CN106203117A - A kind of malice mobile applications decision method based on machine learning - Google Patents
A kind of malice mobile applications decision method based on machine learning Download PDFInfo
- Publication number
- CN106203117A CN106203117A CN201610547624.4A CN201610547624A CN106203117A CN 106203117 A CN106203117 A CN 106203117A CN 201610547624 A CN201610547624 A CN 201610547624A CN 106203117 A CN106203117 A CN 106203117A
- Authority
- CN
- China
- Prior art keywords
- application program
- mobile applications
- malice
- machine learning
- method based
- Prior art date
- Legal status (The legal status is an assumption and is not a legal conclusion.
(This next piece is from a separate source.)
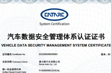 安全守護(hù)再進(jìn)化 賽力斯獲全國首批汽車數(shù)據(jù)安全管理體系認(rèn)證證書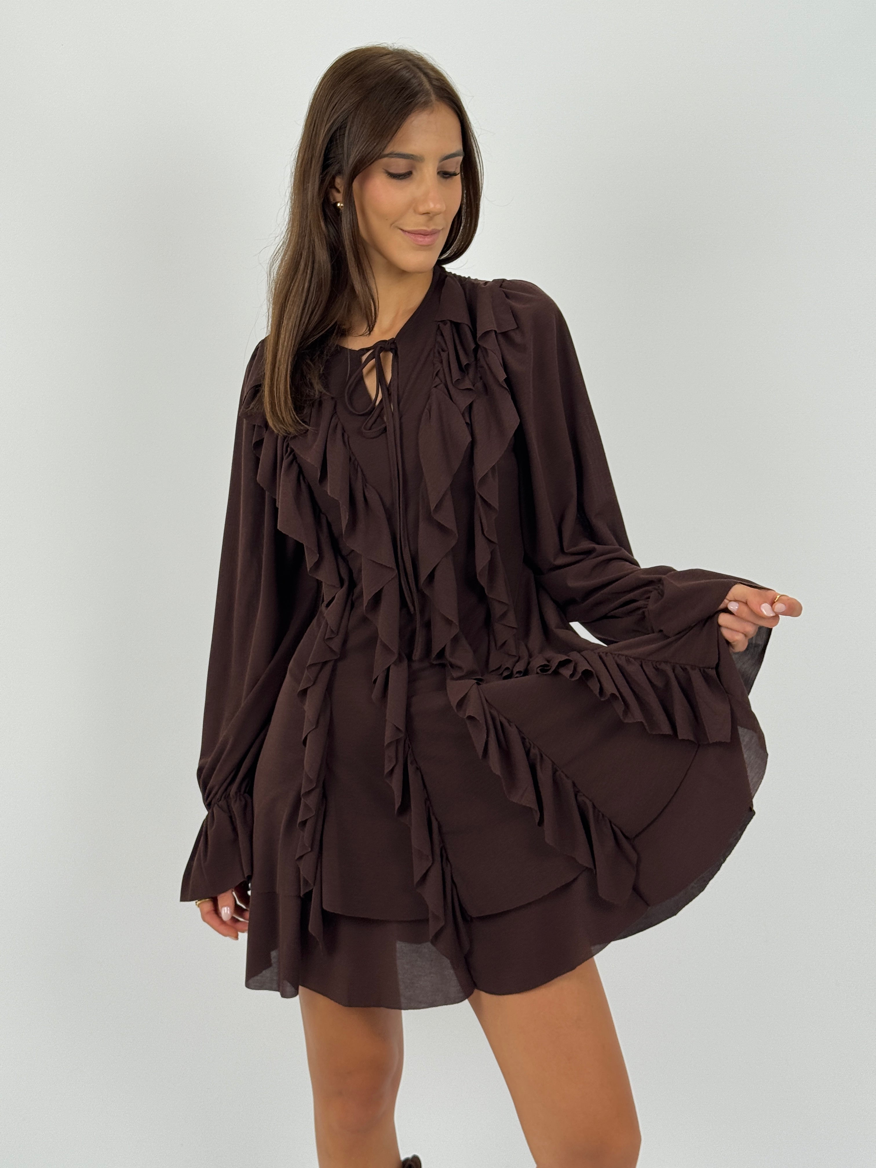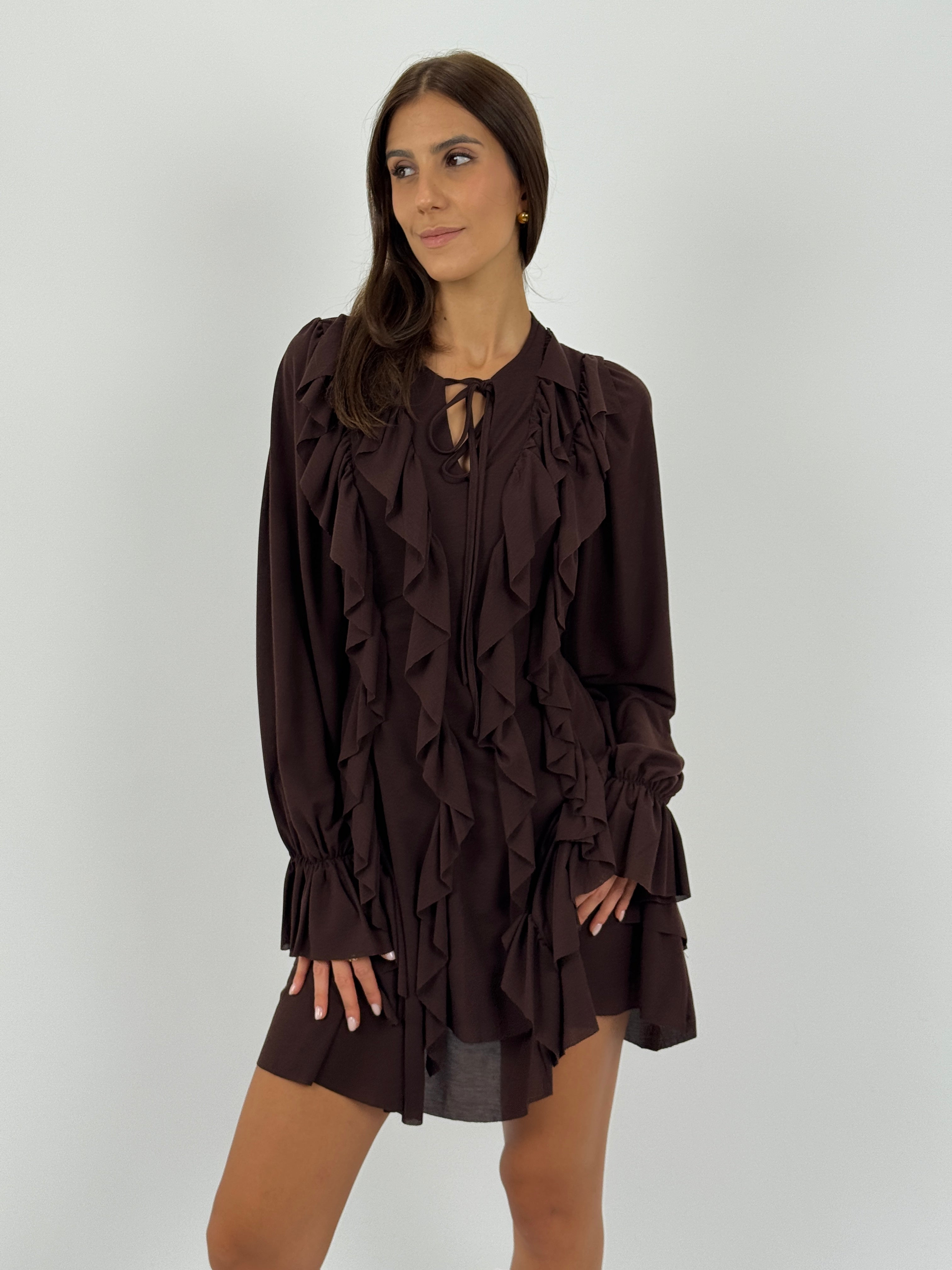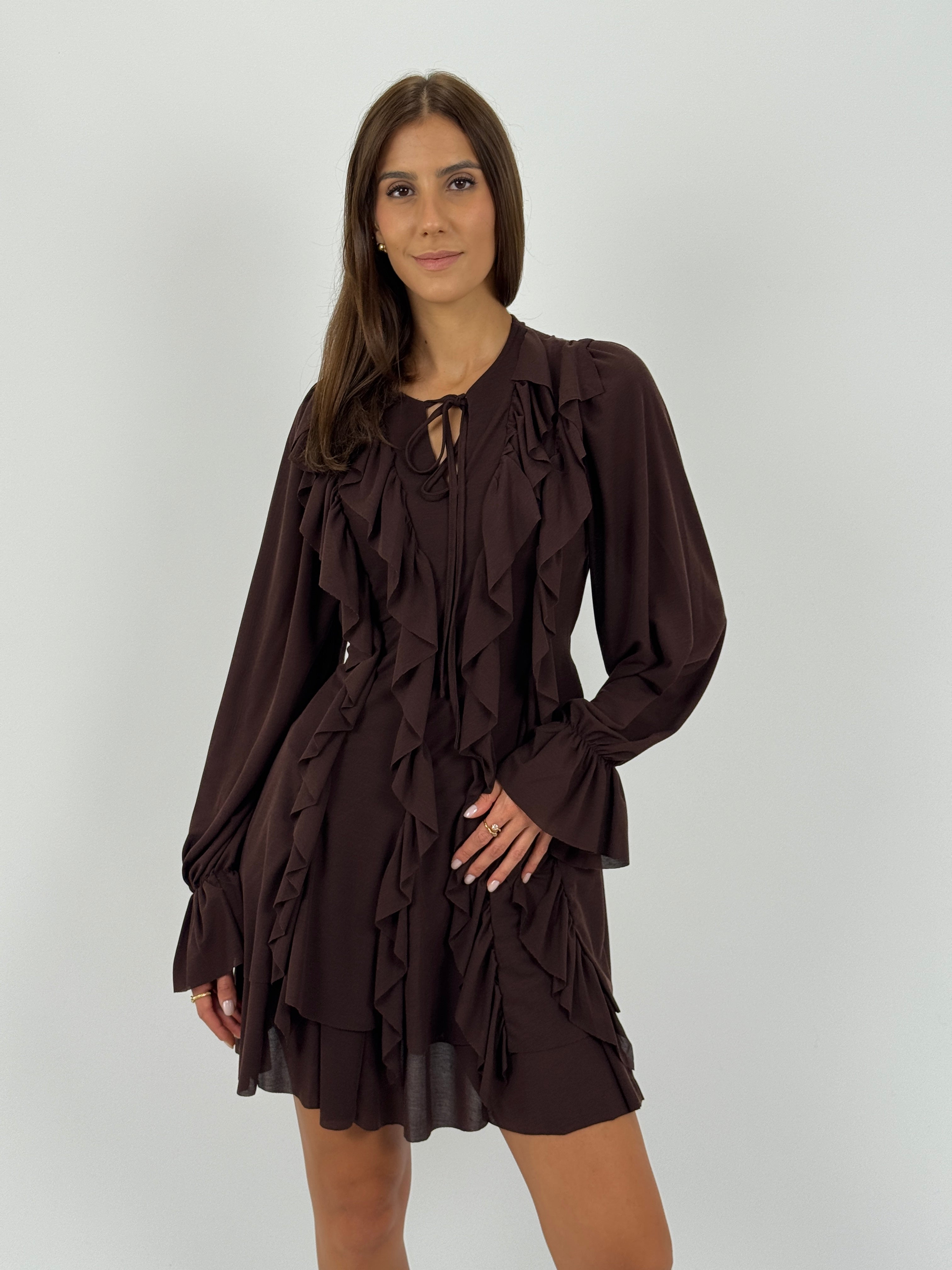 Abito corto marrone con maniche lunghe, volant frontali e laccetto sul collo. Elastico sul retro in vita per una vestibilità comoda e femminile.

Google has not performed a legal analysis and makes no representation as to the accuracy of the status listed.)
- Pending
Links
Classifications
-
- G—PHYSICS
- G06—COMPUTING; CALCULATING OR COUNTING
- G06F—ELECTRIC DIGITAL DATA PROCESSING
- G06F21/00—Security arrangements for protecting computers, components thereof, programs or data against unauthorised activity
- G06F21/50—Monitoring users, programs or devices to maintain the integrity of platforms, e.g. of processors, firmware or operating systems
- G06F21/55—Detecting local intrusion or implementing counter-measures
- G06F21/56—Computer malware detection or handling, e.g. anti-virus arrangements
- G06F21/566—Dynamic detection, i.e. detection performed at run-time, e.g. emulation, suspicious activities
-
- G—PHYSICS
- G06—COMPUTING; CALCULATING OR COUNTING
- G06F—ELECTRIC DIGITAL DATA PROCESSING
- G06F18/00—Pattern recognition
- G06F18/20—Analysing
- G06F18/24—Classification techniques
- G06F18/241—Classification techniques relating to the classification model, e.g. parametric or non-parametric approaches
- G06F18/2411—Classification techniques relating to the classification model, e.g. parametric or non-parametric approaches based on the proximity to a decision surface, e.g. support vector machines
Landscapes
- Engineering & Computer Science (AREA)
- Theoretical Computer Science (AREA)
- Computer Security & Cryptography (AREA)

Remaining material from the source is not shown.